Dutzende Apps verseucht: Hacker brechen in großem Stil in Apples Apps Store ein

dpa
Das iPhone ist nicht mehr sicher - Hacker gelang es, Dutzende Apps zu infizieren

Apple, das war bisher auch ein Synonym für Sicherheit. Während Windows-Nutzer sich mit zahlreichen Viren und Hacker-Angriffen auf Software herumschlagen mussten, galt Apple bisher als ziemlich sicher. Daher laden sich iPhone-Nutzer bedenkenlos Software aus dem App Store des Unternehmens herunter. Doch nun ist es Hackern gelungen, in diesen stark geschützten Bereich einzubrechen.

Die Nachricht dürfte Apple-Mitarbeiter und -Nutzer gleichermaßen schockiert haben. Dutzende Apps, die über den offiziellen App Store vertrieben wurden, waren mit Malware infiziert, die Daten der Nutzer ausspähte. Das Sicherheitsunternehmen Palo Alto Networks berichtete am Donnerstag zuerst über den Hack. Gestern gab Apple schließlich gegenüber der Nachrichtenagentur Reuters zu, dass man gerade dabei sei, den App Store zu säubern.

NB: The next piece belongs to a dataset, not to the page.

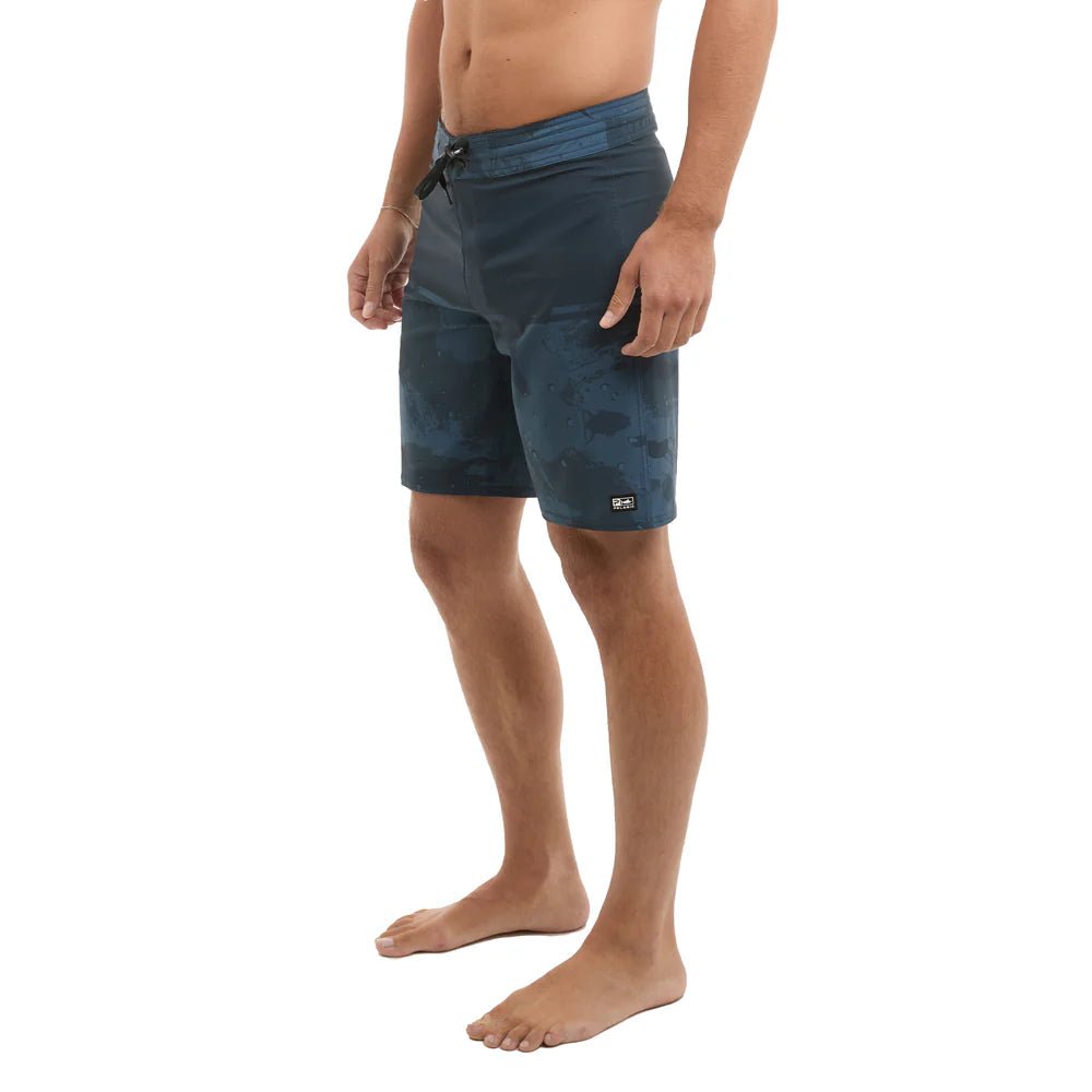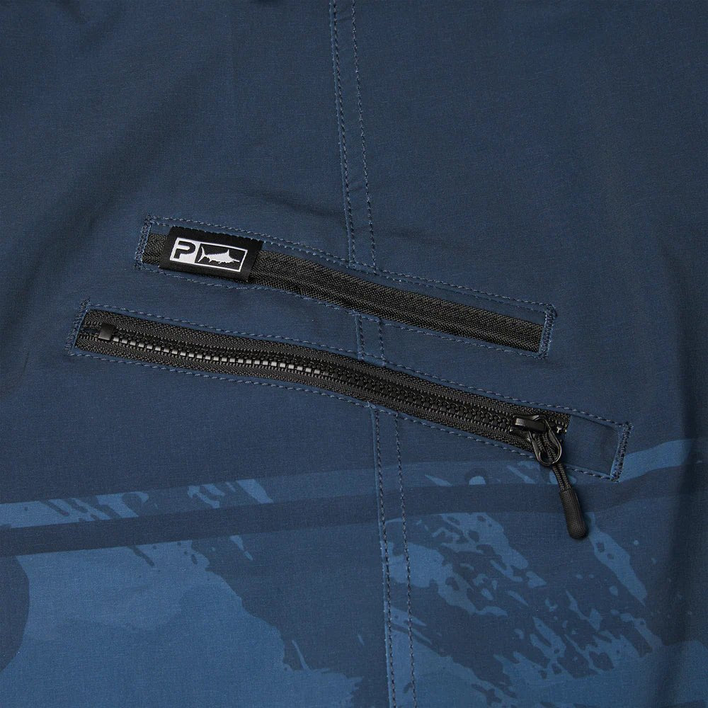 Designed for anglers who demand comfort and performance, the Pelagic "Strike" Men's Boardshorts 19" in Dark Navy are crafted from ultralight, quick-dry recycled fabric with four-way stretch. These durable shorts feature PFAS-free water and stain repellency to keep you fresh throughout long days on the water. Practical details like a reinforced plier pocket, zip stash pocket, and a secure tightlines waistband ensure your gear stays within reach and comfortable. Perfect for fishing adventures where mobility and utility matter most.

Es ist das erste Mal, dass es Hackern gelungen ist, im großen Stil Viren in den hoch geschützten App Store-Bereich zu schleusen.

1. Wie sind die Hacker in den App Store gelangt?

Nach Angaben von Palo Alto Networks nutzen die Hacker die Ungeduld chinesischer iOS-Entwickler aus. Um Apps für Apple-Geräte zu entwickeln, brauchen die eine so genannte Entwicklungsumgebung - eine Software, die von Apple zum Download zur Verfügung gestellt wird. Allerdings scheint es von China aus lange zu dauern, bis diese Software mit dem Namen XCode heruntergeladen ist.

Die Hacker stellten daher eine manipulierte Version auf schnellen Servern in China zur Verfügung. Wenn Entwickler mit diesem manipulierten Programm Apps schrieben, wurde automatisch der Schadcode eingefügt. Mindestens 39 dieser infizierten Apps sollen die Code-Überprüfung von Apple überstanden haben und zum Download bereitgestellt worden sein.

2. Welche Apps sind betroffen?

Bisher scheinen vor allem Apps aus dem chinesischsprachigen Raum betroffen zu sein: So zum Beispiel WeChat, das beliebteste Chat-Programm in Asien. Außerdem die Taxi-App Didi Kuaidi und NetEase Cloud Music, eine Spotify-ähnliche Musik-App.

3. Was macht die Schadsoftware?

Die infizierten Apps können falsche Warnmeldungen auf dem Gerät zeigen, die Nutzer dazu verleiten sollen, ihre Passwörter für Apple’s Datenspeicher iCloud preiszugeben. Außerdem kann sie Daten vom Clipboard des Geräts stehlen und verschicken. Zudem übertragen sie Informationen über das Gerät eines Nutzers.

4. War die chinesische Regierung beteiligt?

Wie das "Wall Street Journal" schreibt, können die Sicherheitsexperten von Palo Alto Networks noch nicht sagen, wer hinter der Attacke steckt. Bisher gebe es keine Hinweise, dass die chinesische Regierung beteiligt sei.